• Requirement
Below are entries; repeat exactly, and nothing else, the lines from the one holding "صورة لمرور موكب" through the one holding "要点一:Mg-S电池放电过程中硫正极上去溶剂化过程和典型的串联催化反应", inclusive. Leave the pictures out.

+++ Available records +++

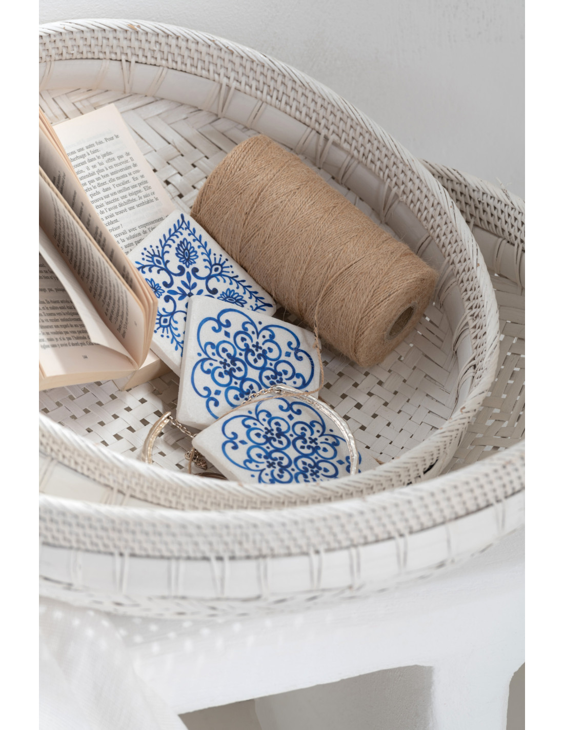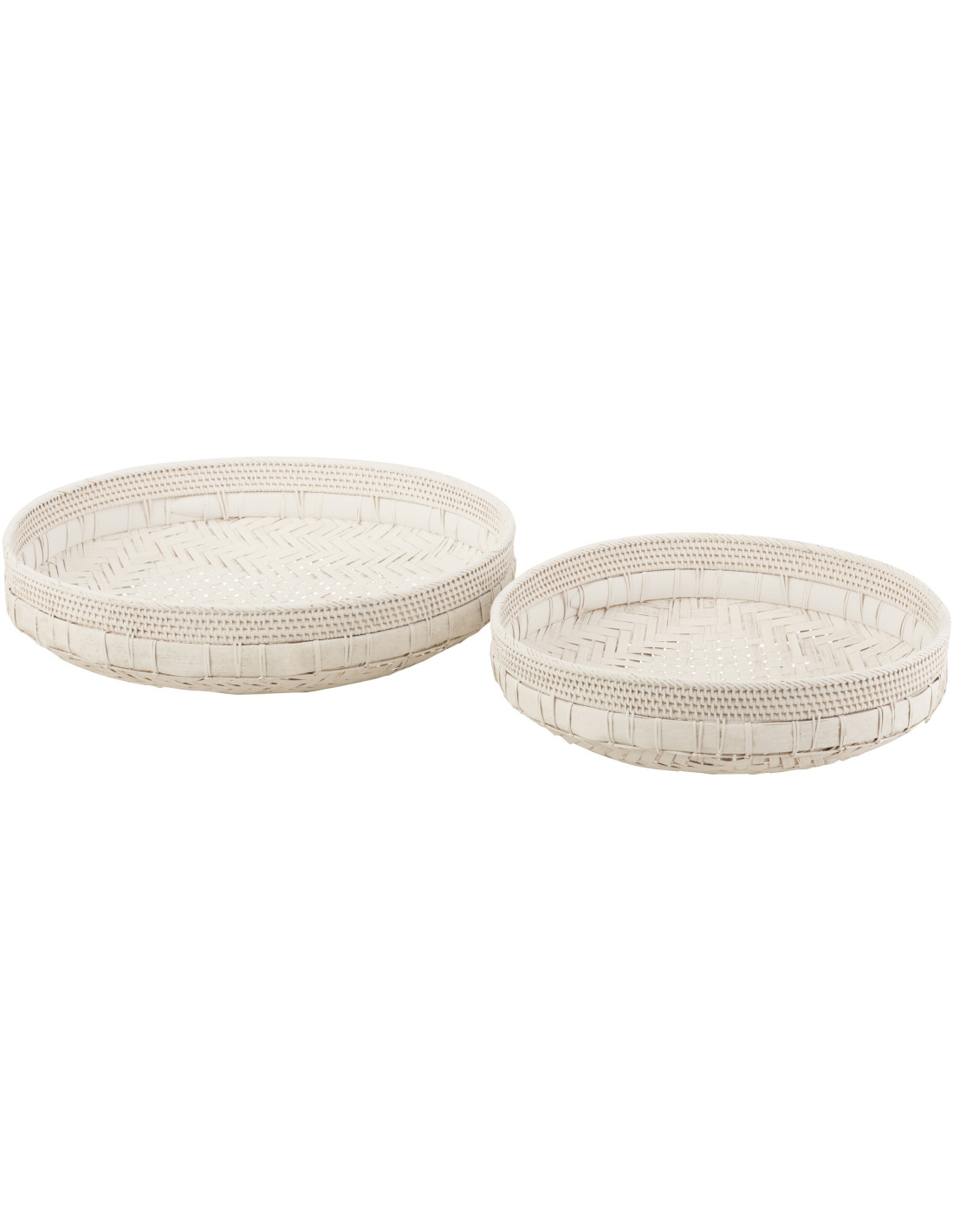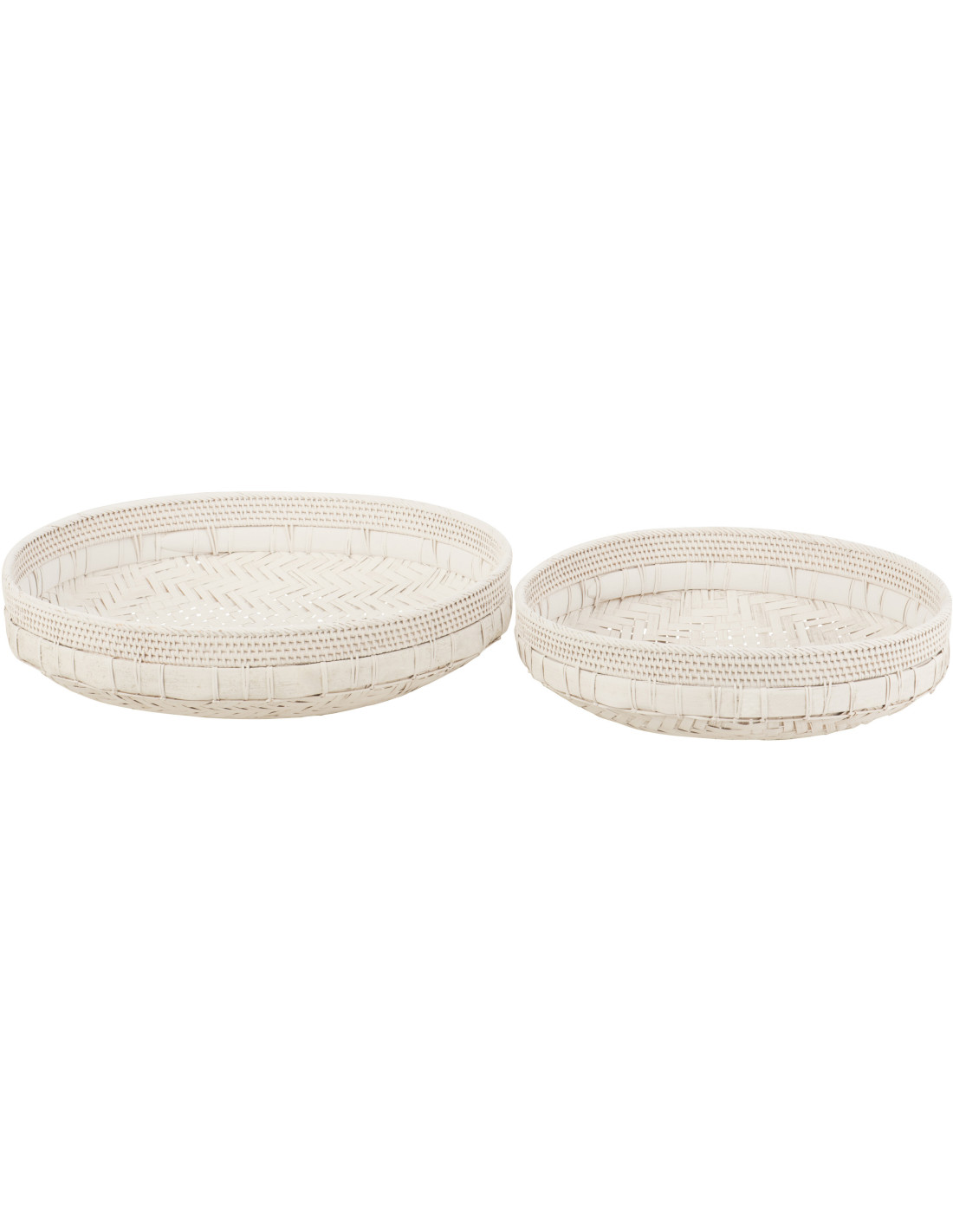 Lot de 2 Plateaux déco bord de mer Rond Rotin Blanc Tressé Tressanno
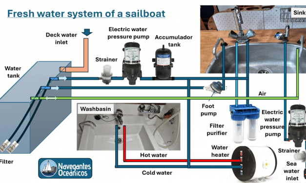 Key aspects of the freshwater system of a sailboat: freshwater tanks, freshwater circuit with an electric pressure pump, hot water on board, drinking water, freshwater circuit with hand/foot pump, tank ventilation, and seawater circuit (in sink).
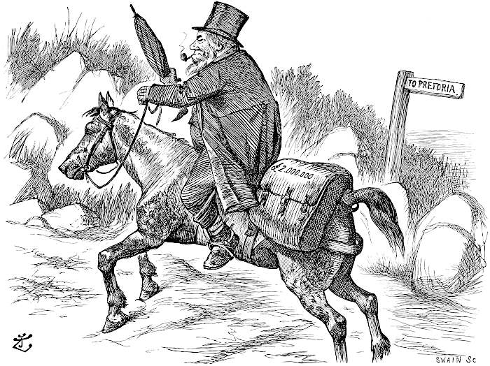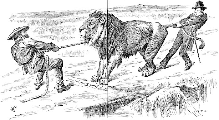 President Kruger (reading the Chancellor of the Exchequer’s speech on the Budget debate):—“I am not going to bind myself as to what I will do on the termination of the War. I look first to the Transvaal.”
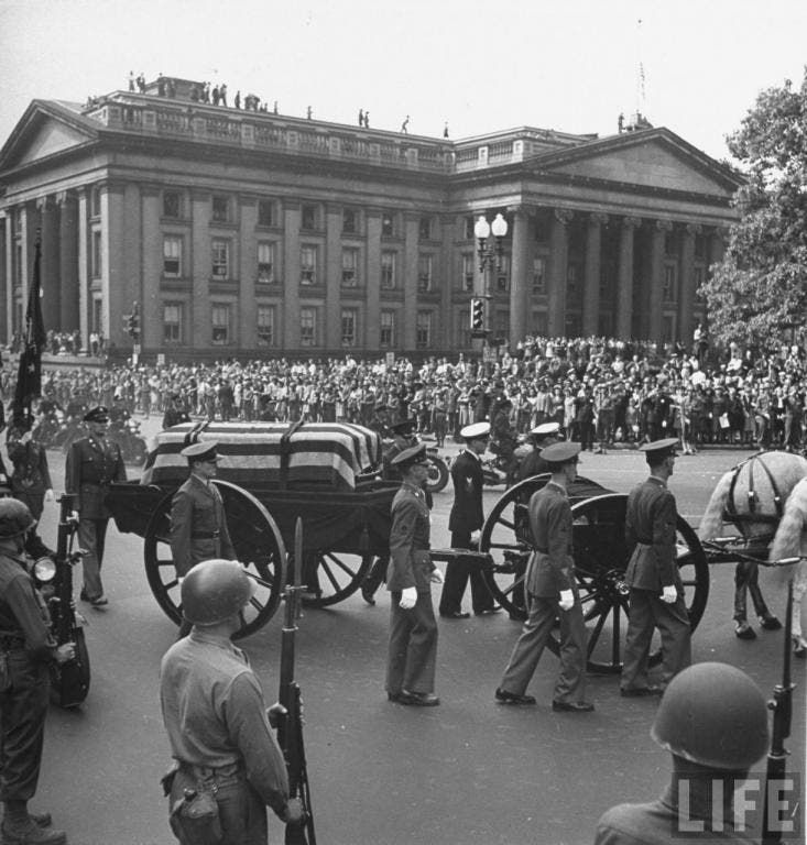 صورة لمرور موكب جنازة الرئيس فرانكلن روزفلت أمام الجماهيرفي حدود الواحدة ظهرا من نفس ذلك اليوم، انهمك فرانكلن روزفلت في قراءة الصحف وكتابة الرسائل وتواجدت بقربه الرسّامة إليزابيث شوماتوف التي أوكلت إليها مهمة إعداد لوحة زيتية للرئيس.
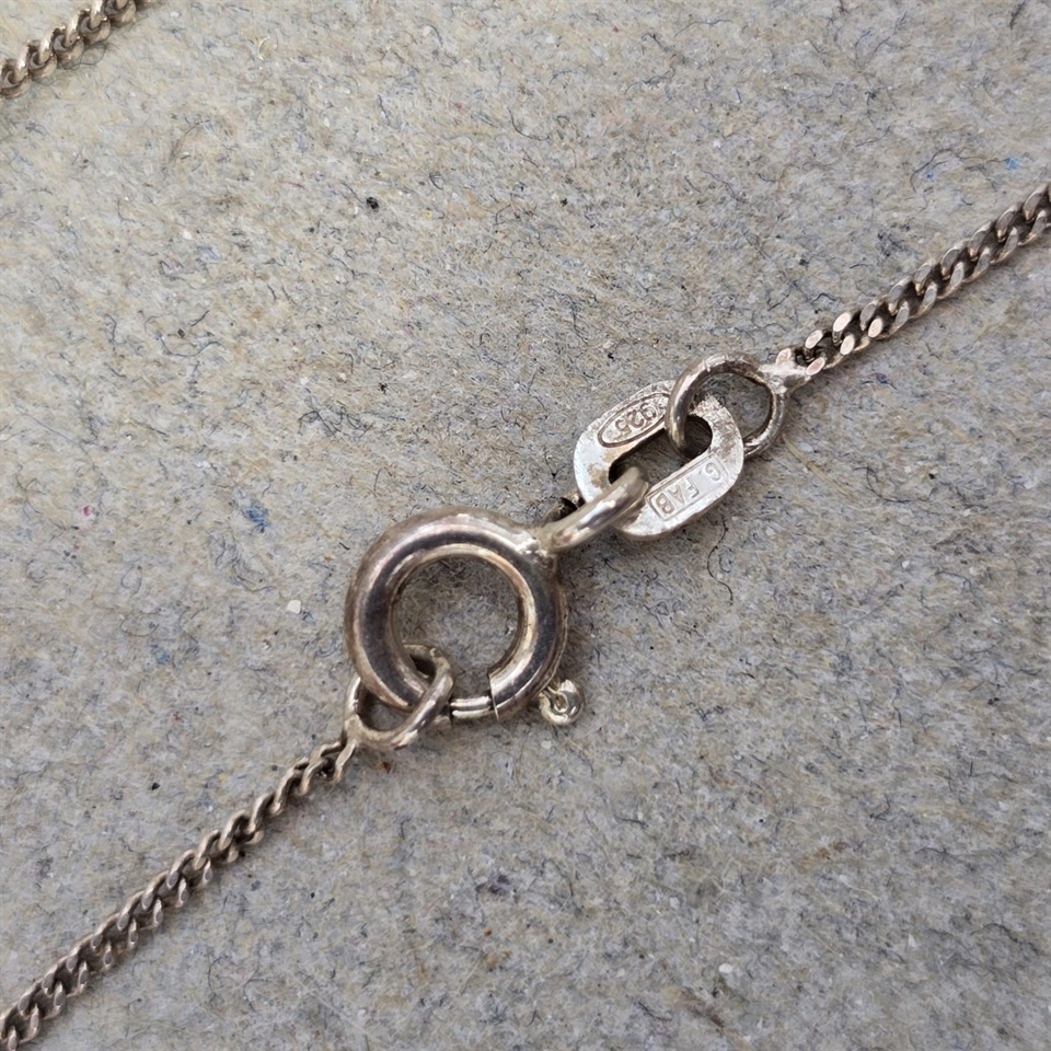 Halskædens fine sølvkæde, der måler 40 cm., er både diskret og forførende og tilbyder en ideel længde, der passer flot på enhver hals.
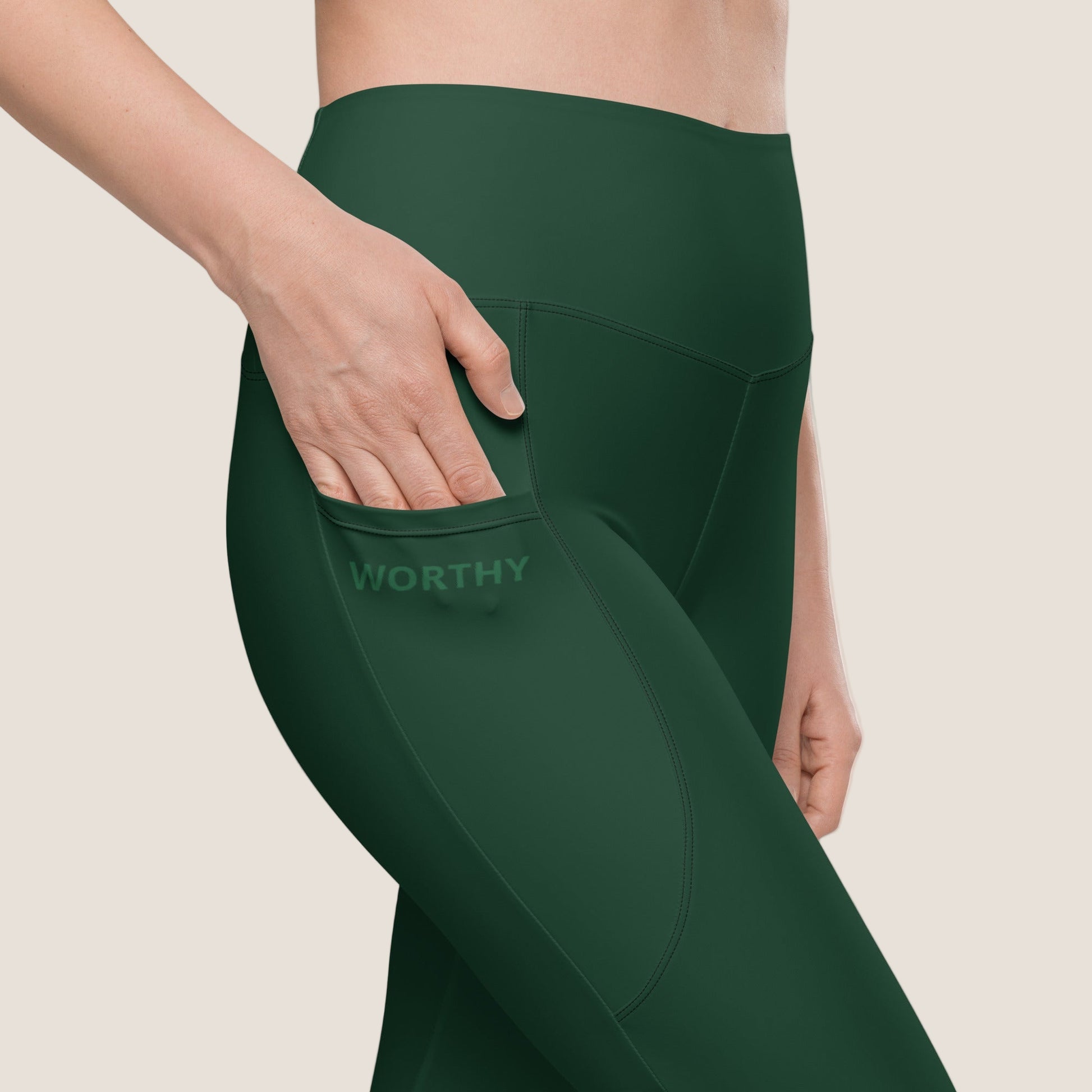 You Are Worthy Eco-Friendly Recycled Leggings with Pockets - Emerald Green
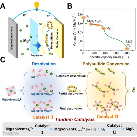 要点一:Mg-S电池放电过程中硫正极上去溶剂化过程和典型的串联催化反应
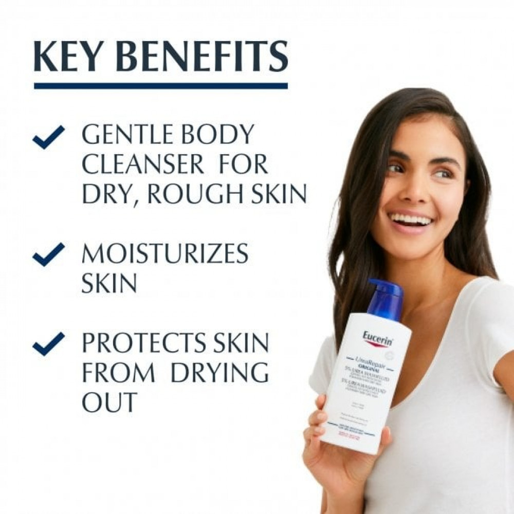 Eucerin UreaRepair Plus Body Wash 5% Ureaهو حل رائع لمن يعانون من بشرة جافة وجافة جدًا في أجسامهم. يعمل المنظف اللطيف على تنظيف البشرة بشكل فعال مع توفير الرطوبة الأساسية ومنع الجلد من الجفاف. علاوة على ذلك ، فإن عوامل التنظيف اللطيفة لطيفة بما يكفي للاستخدام اليومي وستبقي البشرة تشعر بالتغذية. ستساعد التركيبة أيضًا على تخفيف الحكة وعدم الراحة العامة المرتبطة عادةً بجفاف الجلد.
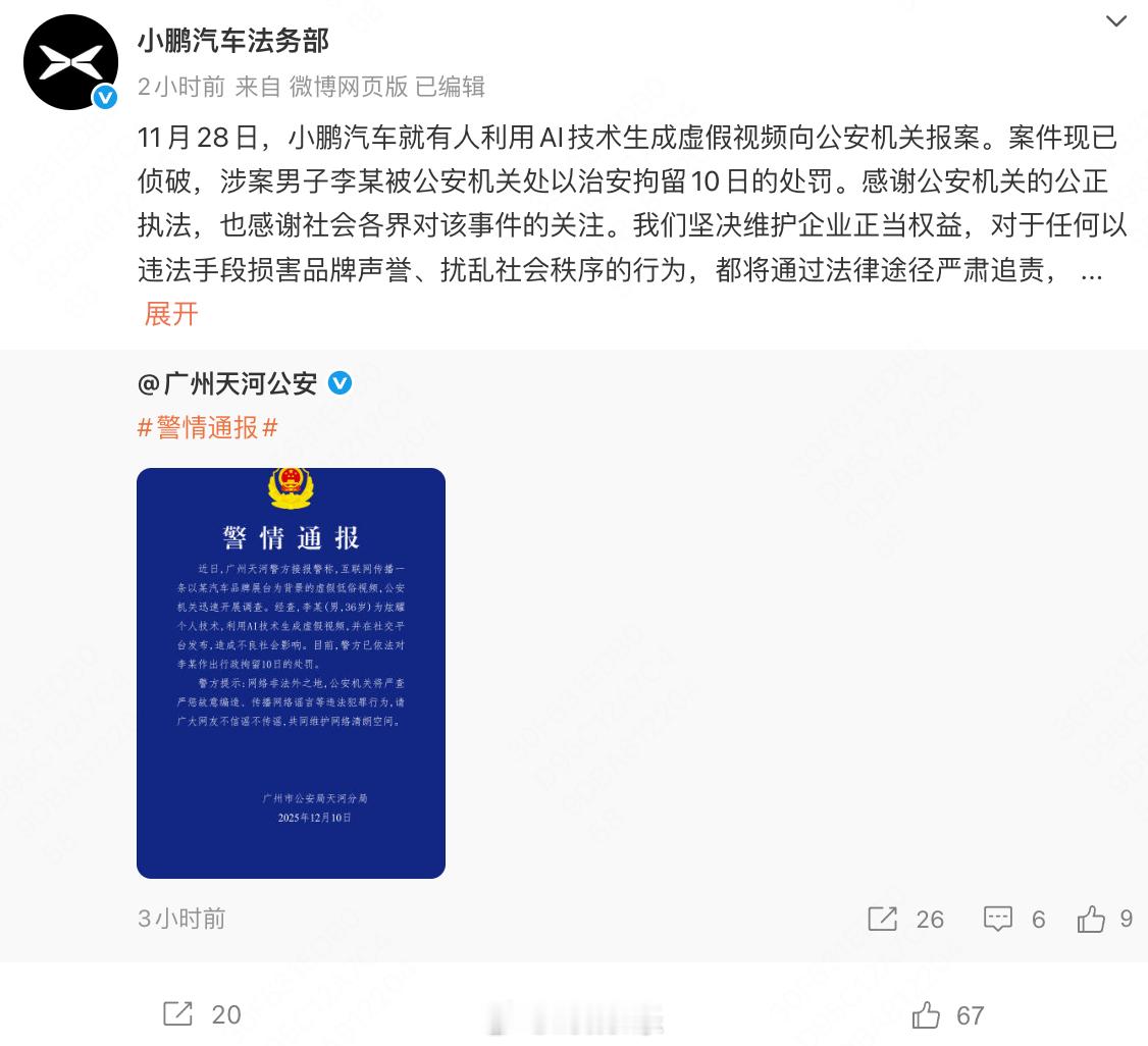 上次有人用AI生成的不雅视频案告破了,拘留10天!AI是一项新技术没错,但是传播AI内容一定要考虑社会影响,谨记要守法!广州车展AI视频造假者被警方抓获小鹏展台AI视频造假者已被拘留

+++

• Response below
 صورة لمرور موكب جنازة الرئيس فرانكلن روزفلت أمام الجماهيرفي حدود الواحدة ظهرا من نفس ذلك اليوم، انهمك فرانكلن روزفلت في قراءة الصحف وكتابة الرسائل وتواجدت بقربه الرسّامة إليزابيث شوماتوف التي أوكلت إليها مهمة إعداد لوحة زيتية للرئيس.
 Halskædens fine sølvkæde, der måler 40 cm., er både diskret og forførende og tilbyder en ideel længde, der passer flot på enhver hals.
 You Are Worthy Eco-Friendly Recycled Leggings with Pockets - Emerald Green
 要点一:Mg-S电池放电过程中硫正极上去溶剂化过程和典型的串联催化反应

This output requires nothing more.